The 2015 DFS envisaged a 1Mtpa operation but the SSO has been designed to operate on reduced scale. The first stage of the mine plan proposed in the new PFS would include mining and processing 0.5 Mtpa of ore, containing roughly 1.05% Sn, to produce 4,700 tpa of tin-in concentrate over the first 4.5 years.

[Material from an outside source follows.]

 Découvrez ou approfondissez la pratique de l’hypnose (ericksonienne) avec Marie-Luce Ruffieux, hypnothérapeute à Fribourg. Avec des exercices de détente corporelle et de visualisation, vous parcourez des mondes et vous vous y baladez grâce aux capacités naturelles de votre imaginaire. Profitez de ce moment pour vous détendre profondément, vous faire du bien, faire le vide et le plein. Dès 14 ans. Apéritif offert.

The second stage would see expansion of infrastructure to facilitate 0.75 Mtpa of ore at a lower grade of 0.8% Sn, for 5,200 tpa of tin-in-concentrate over an additional 5 to 7 years.
However, the SSO has also resulted in numerous projected cost savings compared to the 2015 DFS. Capital expenditure has been reduced 62% to US$ 56 million and all-in C3 costs have fallen 4.9% to US$ 12,500/t of tin-in-concentrate, despite a 3.7% in C1 cash costs to US$ 8,625.

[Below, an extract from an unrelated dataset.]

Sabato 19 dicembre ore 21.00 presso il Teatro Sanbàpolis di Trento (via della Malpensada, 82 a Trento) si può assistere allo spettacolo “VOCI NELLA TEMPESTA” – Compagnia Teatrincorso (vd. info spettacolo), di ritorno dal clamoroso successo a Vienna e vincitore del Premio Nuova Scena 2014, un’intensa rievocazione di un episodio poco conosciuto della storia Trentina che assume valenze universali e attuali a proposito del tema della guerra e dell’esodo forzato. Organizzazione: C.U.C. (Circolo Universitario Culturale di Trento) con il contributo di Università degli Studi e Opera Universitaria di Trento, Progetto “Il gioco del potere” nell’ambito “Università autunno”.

Kasbah managing director, Wayne Bramwell said: “With the SSO Kasbah has tailored a no-frills, fit for purpose design approach clearly focussed at addressing capital expenditure. Importantly, the SSO encapsulated a lower risk mining, construction and operating scenario that could see Achmmach established during a time of lower tin prices.
The company now plans to undertake a DFS for the SSO, which will include development of a new ore reserve.